The article was comparing Amazon's new ad revenue they're trying to bolster, as compared to Google's.  It then starting talking about ebooks, tablets, and profitability.


----------



## Devor (Jan 4, 2013)

If someone's relying on piracy to spread their name, they're not helping their career.  Piracy might spread your work around a little, but it also impresses upon people that your work isn't worth paying for.

You can toy with offering your work away from free - I wouldn't advise it for most people, but there's certainly ways to pull it off.  But if that's what you want to do, then _offer_ your work for free, and encourage your fans to pass it around.  Make it legal, make it fun.  Make it part of your brand, not something that undercuts your brand.




Kevin O. McLaughlin said:


> In general, print sales are continuing to decline while ebooks sales continue to climb.

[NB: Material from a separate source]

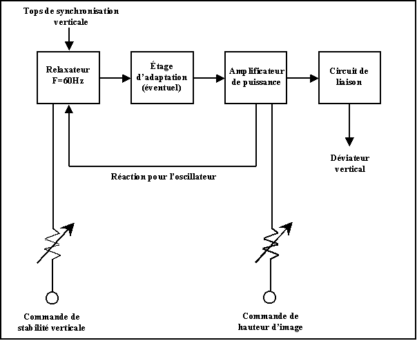 La base de temps verticale commence au relaxateur ou oscillateur vertical. Cet oscillateur génère une sortie qu'il soit synchronisé ou non. La synchronisation verrouille l'oscillateur pour stabiliser la fréquence à 60 Hz.

By my estimates of the industry (based on the Association of American Publishers' data from larger publishers plus estimates of the data they don't track), ebooks will probably represent about half of fiction sales in the USA around the turn of the year.
> 
> That is not a trend likely to reverse.



While that's probably true, no trend continues at a constant pace forever.  At some point the ebook-to-print sales ratio will stabilize.  I don't know where, or how soon, but it's inevitable that the growth of ebooks will hit their ceiling, and print its floor.  I wouldn't be surprised if the trend begins to slow relatively soon - fewer people are buying ereaders and tablets for the first time.


----------



## BWFoster78 (Jan 4, 2013)

I agree with Devor that you don't want to devalue your work.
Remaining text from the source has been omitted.